Firstly it dawns on me how enjoyable it is to leave work and it still be light outside. A simple thing that lightens my mood straight away.
But I'm just going to jump straight into this:
I run past Goodge Street tube station and see a homeless man selling the big issue with a cat on a lead.
A cat on a lead though.
I've always worried about homeless people owning animals anyway, it's another mouth to feed, and if the persons not eating due to a lack of cash, or spending his/her money on cider, what's the animal having? not much.
And a cat? they are meant to have the freedom to go wherever they want, not be on a lead.
I turned onto Euston road and wondered about my fractious relationship with cats, and a painful memory hit me,
I was 12 years old and home sick from school. I'd spent the day lying on the sofa watching the young ones on video, and covering my school books with sticky back plastic. Like we all did.
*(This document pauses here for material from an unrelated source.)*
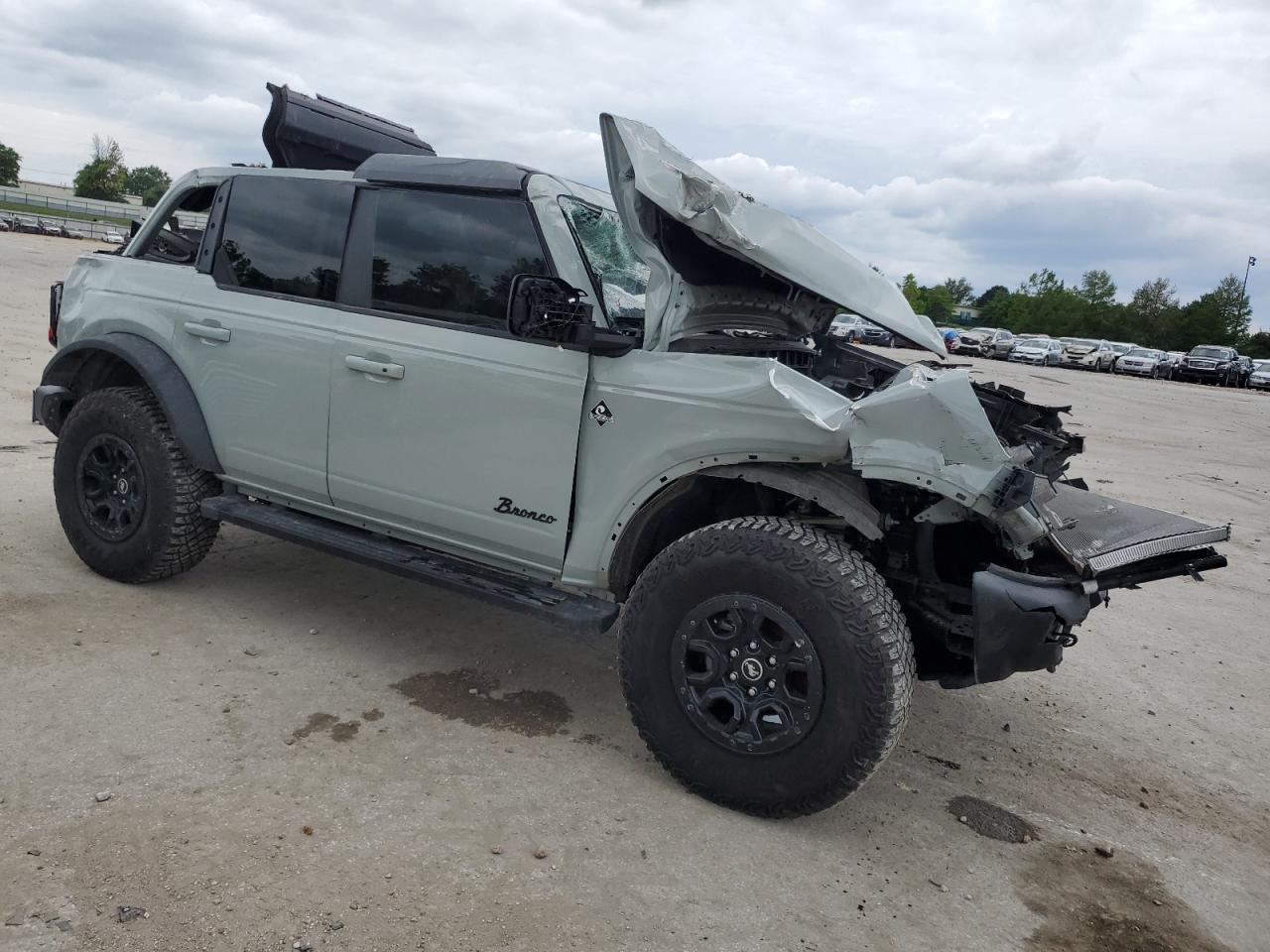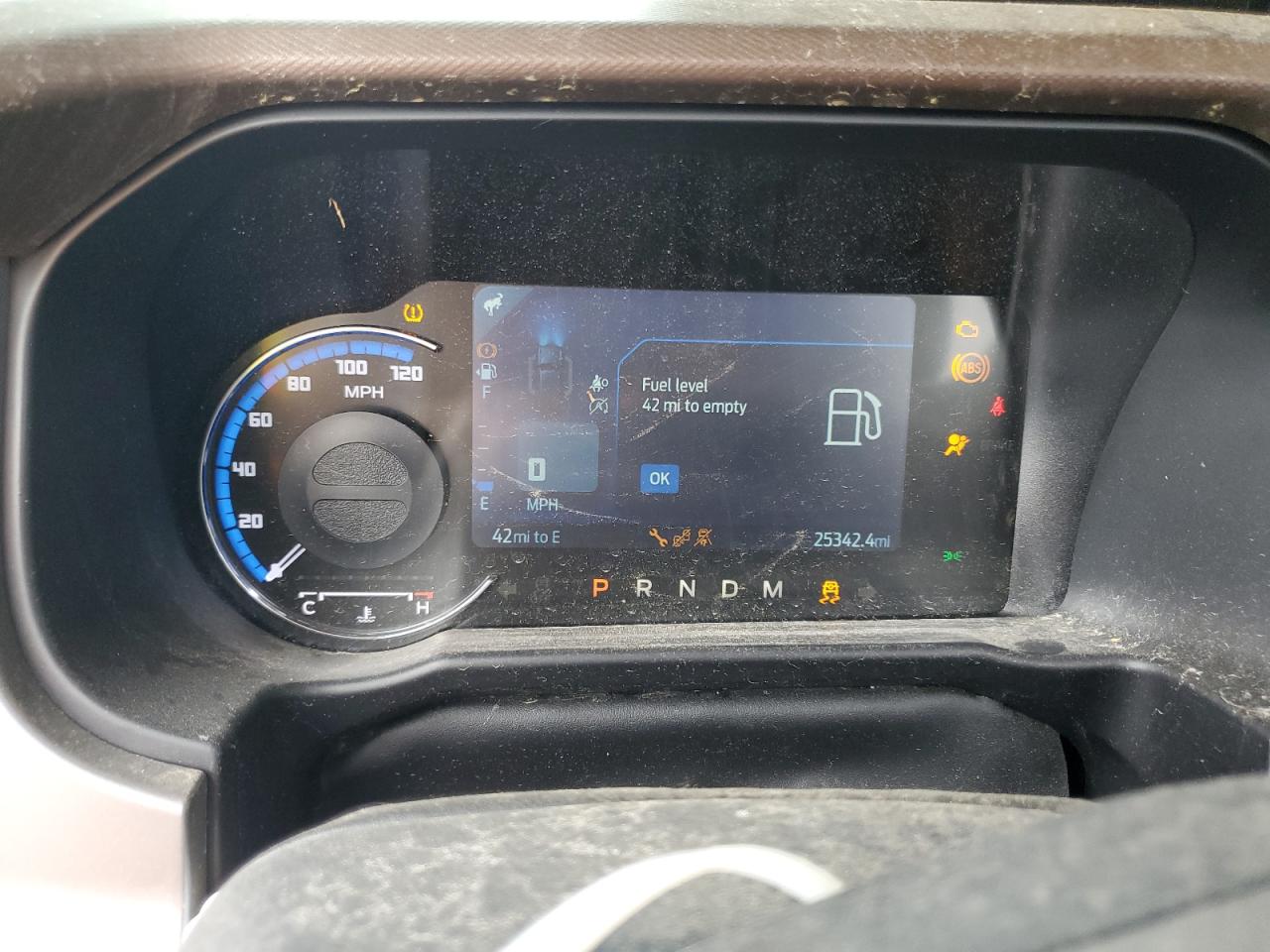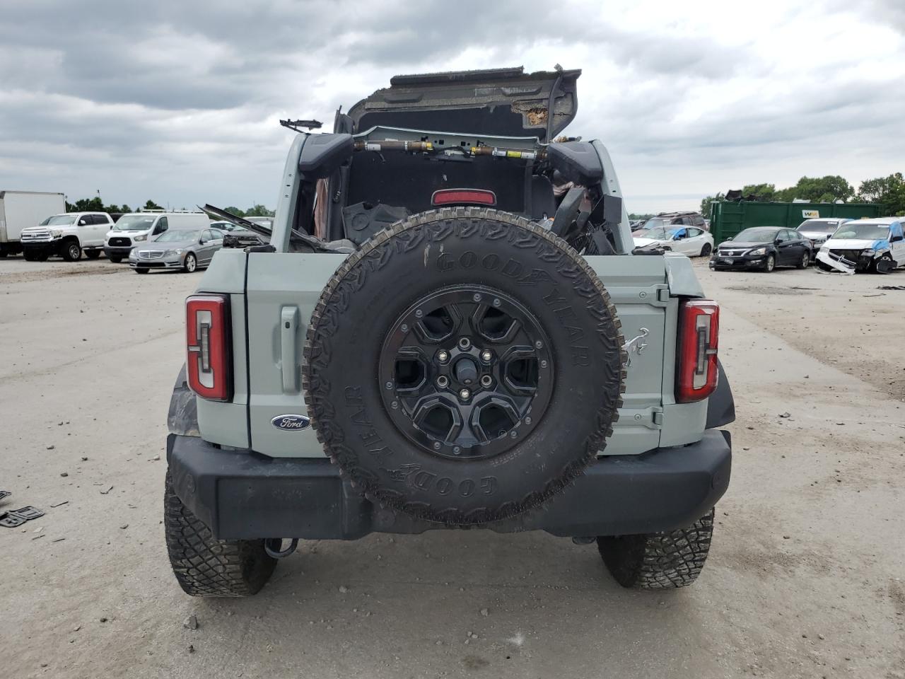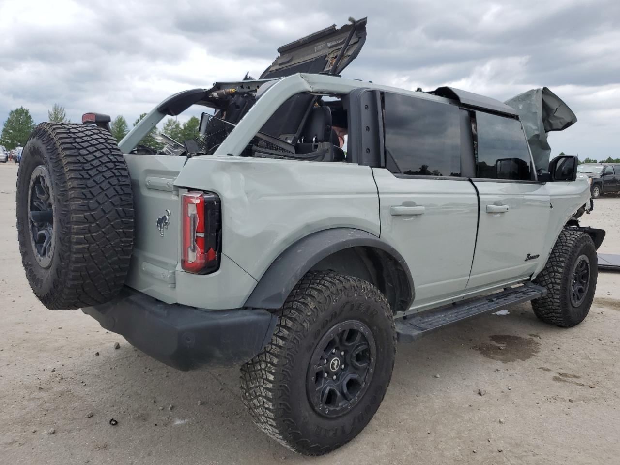 PoorThe FORD BRONCO BAS 2023, is a grey SUV with significant rollover damage. The vehicle's exterior shows extensive damage including a crushed roof, and body panel damage. The interior has significant damage, including deployed airbags. The vehicle's start code is "Run & Drive Verified".
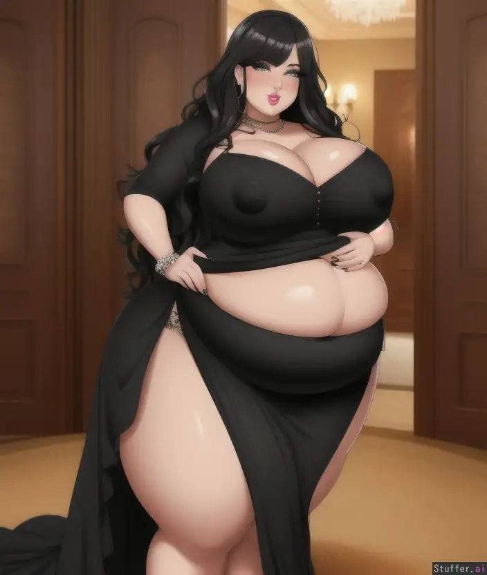 masterpice, ssbbw, obese gyaru goth mommy, beautiful detailed face, beautiful detailed eyes, light makeup, black wavy hair, fat very round face, double chin, plump lips, very wide hips, huge belly, very busty body, bimbo mommy, wearing black dress, in mansion, full body view, tall, dominant, seductive look, insanely obese body, nipples poking throught dress, huge fupa under belly

Anyway our cat Spice jumped onto me and, facing me, settled down for a snooze. I stared at Spice for a while and marveled at her whiskers, I was drawn to how long they were, and the precise way they curved outwards. Now I'm not sure what came over me but I had the overwhelming urge to give spice's whiskers a trim. I still don't know why.
I reached for the scissors that were on the floor and sized them up, with a quick snip the right ones were off. Spice didn't really flinch and they looked lob sided but I'd lost the urge to continue, maybe because I knew that it might not have been a great idea.
We lay there for a bit and then Spice gave herself a shake and jumped off me and made for the door, but her elegant walk had turned into more of a drunken stagger, and I watched with increasing horror as she walked straight into the frame of the door.
As I lay there listening to Spice banging into stuff in the hallway I knew that I was dead, so I did the instinctive thing, I got rid of the evidence and decided to play very dumb.
It got close to when my sister and I would normally be getting home from school so I decided to go to bed, and get as far away from the cat as possible.
My sister came home and I would say it was about 1 and a half minutes until I heard her scream my name, which was quickly followed by the sound of her vaulting the stairs three at a time, and the inevitable sound of her running down the landing, and kicking my door in.
I protested my innocence, but my apoplectic sister was rightly having none of it. And it got worst when my parents came home.
Spice and I reconciled after I watched her give birth to kittens, and the whiskers grew back eventually.
As I got nearer home I saw 2 fellas having a piss in the street, not a back alley you understand, but on a main road. It's just not right but it's nowhere near as bad as when I watched a women squat down outside greggs the bakers opposite Cardiff central bus station. It was a Saturday evening at around 6pm.
She was wearing a tiny white miniskirt, and as we stepped over the little river of piss she'd created, she looked up and drawled,
"alright boys?" at us. It was horrific.
Anyway, the mixture of childhood guilt and piss imagery didn't do my running any favors and I felt that it had taken way too long. Turned out I ran 6 miles in 42 minutes.
7 minute miles. I felt like it was slow and I know I can go faster so it ended up being quite a positive run,
Musical support came from High Contrast's old Mixmag live comp. A quality rolling mix that peaks and troughs in exactly the right moments when you're running along.